一向に弱まることのない雨に逆らいながら走った。身体中の衣服が水を吸って走る足を鈍らせる。でもこの足を止める訳には行かなかった。息は絶え絶えで、喉が痛み、肺が避けようとも、背中に背負う少女の後ろ姿を見れば、些細なことに思える。

 彼女は辛そうな表情でうなされたように目を瞑っていた。今にでも死んでしまいそうで、俺は焦った。

「やめてくれよお前はまだ死にたくないんじゃないのか」

 俺の縋る声は彼女に届かなかった。

 地上に堕ちても、翼をもがれても、血を流し続けても生きていた彼女は、ここで終わってしまうのか。

 また俺の目の前で人が死ぬ。見捨てずに手をさし伸ばしてもその身体は冷たくなっていく。意味の無い行い。

 俺は何が正しいのか分からなくなってくる。手を伸ばしても何も変わらないのなら、今ある俺はなんだって言うのだろう。

 俺は酷い焦燥感に苛まれた。助けを求めるように、周辺を見回してみる。しかし周りにあるのは虚ろに立ち並ぶ廃墟だけだった。

 物悲しく崩れ落ちて、窓に一片の光は見えない。俺以外誰もいない街。どこまでも続いている。

 動くことの無い信号機、白線が剥がれ落ち、もやは認識すら危うい横断歩道。

 寂れた遊具のある公園。柱時計の針は微塵も動いていない。どこにも子供の声がない。

 もぬけの殻のコンビニ。棚にはもう何も無い。

 虚無の中、俺はひたすらに走り抜けた。

 走れば走るほど、彼女から流れる血が尾を引いて、雪の中踏みしめた足跡のように続いている。

 景色は変わり、立ち並ぶ建物の背が低くなった。辺にあるのは雑居ビルと高層マンションが入り乱れる住宅街。変わらずここも人気は無く、静寂に包まれていた。

 その汚れた街の中、他の建物と比較にならないくらい、美しい建物があった。

 道路沿いに建つ橙田診療所と書かれた看板が、この雨の中、静かに光を発している。

 この荒廃した街の中で、優しく光るこの看板は、闇の中にぽつりとある篝火のように揺らいでいる。

 酷い動揺の中にいた俺はこの看板を見て、少しだけ冷静さを取り戻した。

 この橙田診療所はこの一帯で唯一稼働している診療所であり、そして俺の養父が営む病院だ。

 駐車場の向こう側に建つ診療所は、壁がタイル状でできていて、真ん中には自動ドアがあって、左右には窓ガラスがある。そしてその上にある屋上。

 少し古臭さを感じる建物だが、この街の中では気にするほどのことでは無い。

 自動ドアの向こう側には休診日と書かれた立て札があった。

「ダメか」

 一瞥したあと俺は振り返って、裏口に向かった。そこには住宅用の玄関と扉があって、インターホンを押した。そのあとすぐにドアノブに手をかけて開けようとしたが閉まっていた。

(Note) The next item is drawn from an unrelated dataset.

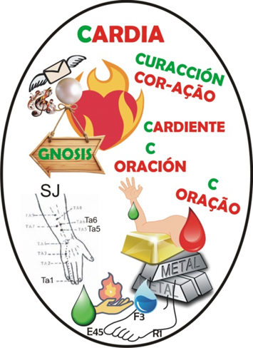 O ato de SELAR A CARTA COM A MÃO DIREITA, de que fala o Hino da Pérola, tem uma profunda implicação com os segredos da Alquimia Gnóstica. Na figura 1, observemos que no DEDO ANELAR da mão direita ali representada surge o meridiano denominado San Jiao, ou Triplo Aquecedor, conforme o denomina a Medicina Tradicional Chinesa e a Alquimia Taoista. Esse meridiano comanda o éter químico no âmbito do peito, fazendo o seu poder atuar no coração e no estômago. Dois dos seus pontos principais, o TA5 (Wai Guan) e o TA6 (Zhigou), são relacionados com o aquecimento digestivo e à MODULAÇÃO DA VOZ, funções que alquimicamente transformadas dão origem ao poder gnóstico que permite o CÂNTICO SAGRADO e a Nutrição Espiritual, a Santa Eucaristia.

「なんでこんな時に限っていないんだよ。寝てる訳じゃないよな」

 何度もチャイムを鳴らし続け、ドアノブを一心不乱に回す。

 チャイムを鳴らす度に、ドアの向こう側で微かにチャイムが響いているのが聞こえた。あまりにも虚しい音に俺は愕然とせずには居られなかった。

「先生」「先生!」「いたら出てきてくださいよ!」

 俺は必死に声を張り上げて、何度も扉を叩いた。叩けば叩くほどに手から腕にかけてジンジンと痛みが走る。

 それでも誰も出てくる気配はない。

 俺は少し後ずさったあと思いっきり扉を蹴り上げた。

 雨音の中響き渡る衝撃音。だかあっという間に全ては静寂帰っていく。

「くそぉ」

 俺は扉に手をつけたままずるずると膝を落として言った。地べたに座り込み、咽ぶ。

 あまりにも情けない。あまりにも無情すぎる。

 もう今の俺にできることは地べたで苦しみもがき、背中にいる彼女に許しを乞うことしか出来ない。

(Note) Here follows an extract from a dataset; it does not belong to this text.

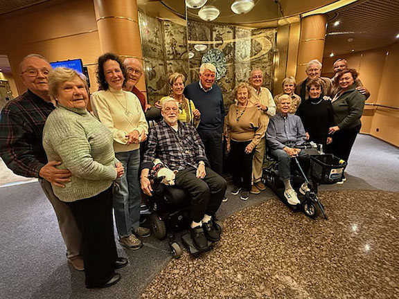 Our intrepid cruisers were seven 4th Companymates, along with family. Appearing in this photo (L-R) are Harry and Doris Salmon, Pat and Maureen Wright, Dick Wyttenbach-Santos (with his service dog, Todo), Craig and Gail Barton, Lou and Jo Ann Simpleman, Blackie and Bonnie Blackledge, Tom and Claire Meyer, and Dick's adopted Guamanian family of Laurie and Joe Manubusan.

 背中にいる彼女の呼吸が浅い。身体も冷たくなっている。

 もう終わりだ。結局のところ苦しいだけだ。諦め尽くした時、地面に落ちる雨の音が濁って聞こえた。

 振り返ると、クタクタになったビニール傘をさす男が立ち尽くしていた。男の右手にはビニール袋があって、コンビニのロゴが刻印されてある。

 俺よりも先に男が声を出した。

「忍か?」

 俺の名前を呼ぶ声。確かめる疑いの声。

 男の姿を見ると俺は一気にめちゃくちゃになった。先生だ。間違いない先生がいる。

 ビニール傘の下、すっかり初老になってしまった先生がいた。前にあった時よりも小皺と白髪が増えている。今じゃ灰色の髪だ。

 コンクリートの段差に雫が落ちる。これは髪から垂れていった雫だ。一生分の涙を出し尽くしたつもりでいるから。

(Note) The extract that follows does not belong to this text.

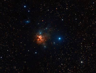 Sharpless 254 and friends These are the Three Snowballs in Orion, comprising as well Sh 255, 256, 257, and 258. In the 24 mm eyepiece of my 22-Inch Dob, the two more compact nebula 255 and 257 were easily visible with H-Beta filters as milky, well defined areas, each surrounding a star in the middle. Sharpless 254 was somewhat more diffuse, but could be seen without retinal torture. The entire group fit into the field of view of the eyepiece and the contrast between the diffuse 254 and the more compact 255 and 257 was particularly beautiful. With the UHC Filter, all three were still visible, yet much more difficult than with H-Beta. As to be expected for low-excitation HII regions, they were not visible with the OIII filter. After I had enjoyed the view of the group for some time, I shortly tested the small nebula Sharpless 258, which is to the left on the image. As there was nothing visible immediately, I did not try to push this, in particular as there are superimposed stars, which might be deceiving. Sh256, on the other hand, was well visible as a separate glow detached from the main mass of Sh257. field size 0.5° |

 俺は小さく2回相槌を打った。そして背中の少女を見えるように、身体を斜めにして言った。

「先生、この子を助けてください」

 雨が降り頻る中、先生は傘と袋を投げ捨る。

 そして少女の側に近づいて、彼女を観ていた。

 「何があったんだ」

 先生は困惑した様子だった。ただ俺はどう答えればいいのかわからず愚直に「わからない」と返してしまった。

 先生は少し沈黙をした後に、立ち上がって、急ぐように鍵を開ける。

「診察室に運んでくれ」

 先生が言うのを聞きながら、少女を担いだ。